Kohler T R, Nance D R, Cramer M M, Vandenburghe N, Strandness D E
Department of Surgery, University of Washington School of Medicine, Seattle.
Circulation. 1987 Nov;76(5):1074-80. doi: 10.1161/01.cir.76.5.1074.
We compared ultrasonic duplex scanning and angiography for the localization and classification of arterial stenoses and occlusions in 32 patients. The criteria for the detection of a greater than 50% diameter reducing stenosis was an increase in peak systolic velocity of greater than 100%, loss of reverse flow, and spectral broadening. Duplex studies and angiograms were evaluated in a blinded fashion. The agreement between duplex scanning and angiography for the 383 arterial segments studied was not significantly different than the previously reported agreement between two different radiologists reading the same angiograms (kappa of 0.55 vs 0.63). For detecting stenoses that were greater than 50% diameter reducing by angiography, duplex scanning had a sensitivity of 82%, a specificity of 92%, a positive predictive value of 80%, and a negative predictive value of 93%. These results are as good as previously reported comparisons between two different radiologists' readings of the same angiograms.

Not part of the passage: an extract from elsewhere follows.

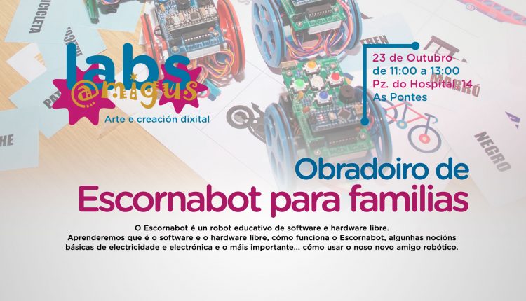 O curso é gratuíto, as inscricións formalizaranse por orde de rexistro en https://www.amiguslabs.org/obradoiro-de-escornabot-para-familias/.

我们对32例患者的动脉狭窄和闭塞进行了超声双功扫描和血管造影,以进行定位和分类。检测直径缩小超过50%的狭窄的标准是收缩期峰值速度增加超过100%、反向血流消失和频谱增宽。双功扫描研究和血管造影以盲法进行评估。在研究的383个动脉节段中,双功扫描与血管造影之间的一致性与之前报道的两位不同放射科医生阅读同一血管造影的一致性无显著差异(kappa值分别为0.55和0.63)。对于血管造影显示直径缩小超过50%的狭窄,双功扫描的敏感性为82%,特异性为92%,阳性预测值为80%,阴性预测值为93%。这些结果与之前报道的两位不同放射科医生阅读同一血管造影的比较结果一样好。